Еще не вечер
Шрифт:
– И что же ты решила? – спросил отец.
– Решили за меня, я лишь правду сказала.
– Ты почему не училась? Большинство же учится.
– Ну, не нашла себя! – вспылила Майя. – Упорства, силенок не хватило. Свое-то дело я делала честно! А теперь меня на помойку?
– Дочка, тебе только двадцать три, – вмешалась в разговор мать.
– Мне опять к вам на шею? А если бы у меня вас не было? Ты думаешь, прежде чем отчислить, меня спросили, какая семья, кто содержать будет? И за что отчислили? За правду!
– Да. – Отец снял очки,
– В принципе, конечно, долго мне говорить не дали.
– И что же, ты и в будущем будешь такую правду начальству выкладывать?
– Отец, ты же сам мне всегда внушал. И потом, правда – она что, разная бывает?
– Ты дура! Мать, мы вырастили идиотку!
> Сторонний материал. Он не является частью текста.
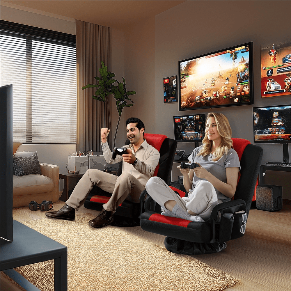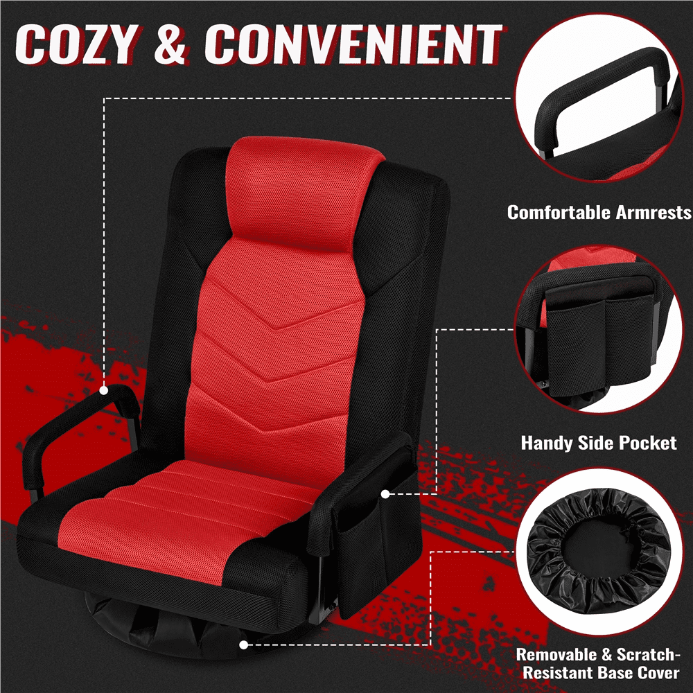 Alden Design Swivel Floor Gaming Chair with Adjustable Backrest, Black/Red

Иисус Христос за правду на крест пошел, так ему уже два тысячелетия свечки ставят. Да, правда правде рознь! Это ты здесь, – он постучал пальцем по столу, – должна говорить правду. А там следует говорить то, что от тебя хотят услышать. Играть по установленным правилам. Ты что же думаешь, я директору института могу правду на совете сказать?
Неожиданно ноги у Майи ослабли и задрожали, ее начало тошнить, словно она только закончила дистанцию. Девушка смотрела на отца и не узнавала.
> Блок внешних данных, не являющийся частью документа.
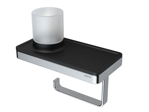 Geesa Frame Closetrolhouder met Zwart Planchet + Led-Lichthouder Chroom
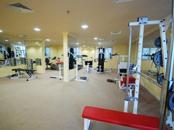 Грязные сырые номера, которые требуют ремонта. Потолок в ванне от сырости почернел, ванная потрескана. Ремонт по этой гостинице давно плачет. Мебель грязная, что не приятно садиться. Ковролин весь в пятнах. Тренажёрный зал тоже желает лучшего. Все тренажёры поломаны, кондиционера нет. Отель стоит возле дороги, на окнах нет уплотнительных резинок, складывается ощущение что спишь на остановке. На подземном паркинге реставрируют мебель, в связи с чем, дико воняет краской.

– Ты всегда меня учил… – Она с трудом, совершенно больная, поднялась со стула, пошла к двери.
– Дочка! – Мать вскочила.
– Сиди, – хлопнул отец по столу. – Жрать захочет – придет! Правдолюбка!
Тренироваться Майя перестала, гимнастику по утрам делала автоматически, по привычке. Подруги звонили несколько раз, затем разъехались по сборам и соревнованиям. Через два месяца деньги кончились, она продала японскую радиоаппаратуру. Спустя полгода опять осталась без денег.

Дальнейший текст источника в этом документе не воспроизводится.